Jim Bianco
@biancoresearch · 2026/6/13 17:36:47
Two things can be true at once….
AI investments will end in a big bubble, but we are not there yet.
See the image below. Grant thinks we are near the "peak of inflated expectations." Recent Gartner analysis puts agentic AI right at that peak, but I still think we have more of the curve to climb before we actually get there. I agree with Grant (and Gartner) that we’re on this curve — I’m just arguing about where we are on it. And yes, it could end up being the biggest bubble yet.
We are in 1996 or 1997, not the spring of 2000.
We Are Early
About 5% of the corporate world is using the full potential of agentic AI. 85% to 90% are engaged with these tools and trying to figure out what they can actually do.

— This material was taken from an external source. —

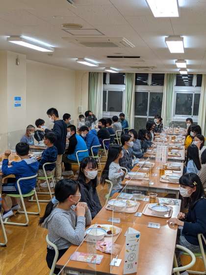 一日目の夕食。感染症対策の机で、学校と同じく黙食を守っていて、立派です。
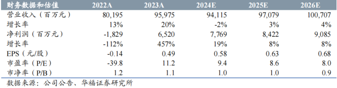 受益于新增装机投产以及煤价高位回落,公司未来业绩增长可期。华福证券预测24-26年公司营收分别为941.15、970.79和1007.07亿元,归母净利润分别为77.69、84.22和90.85亿元,对应PE分别为9.4/8.6/8.0倍。首次覆盖,给予“持有”评级。

I’m deep into using all these tools, and I’m still trying to fully understand them. But I can already see their massive power and how they will change everything in the next 2 to 4 years.
I don’t think it will be as bad as most people worry. I think the net effect will be positive for employment and economic growth over time. That said, we’re about to go through a period of massive change, and change is always scary.
Once these tools are better understood, that 5% usage will move toward 85%. At that point, we’ll realize that effective, usable compute and data center capacity is still too small for what’s coming. Hyperscalers are already spending hundreds of billions, but we’re not seeing the kind of overbuilding and low utilization that usually marks the top of these cycles. The real bubble comes when spending massively outpaces productive demand. We’re not there yet because the productive demand coming will be huge.
How are we going to pay for all this?
Worldwide, corporations already spend roughly $400–450 billion a year on SaaS. That’s thousands of dollars per corporate computer — often more than they spend on the hardware itself.
A big chunk of that SaaS spending will likely get redirected or consolidated into AI. It’s similar to what happened with cameras, calculators, MP3 players, video recorders, maps, and alarm clocks — all of which eventually moved into the iPhone. AI agents should do something similar by consolidating a bunch of fragmented tools into a single intelligent interface.
The future computer probably won’t need a keyboard most of the time. It will have a big context window, and you’ll mostly just tell it what you want. You won’t have to fight with a dozen different SaaS products trying to get them to talk to each other.
Meb Faber: 𝗝𝗶𝗺 𝗚𝗿𝗮𝗻𝘁 𝗼𝗻 𝘁𝗵𝗲 𝗔𝗜 𝗯𝗼𝗼𝗺:
"I think that today is one of the greatest bubbles of all time."
He argues the excitement around AI dwarfs the worldwide web and fiber optics, and that better technology doesn't ground the speculative spirit, it incites it.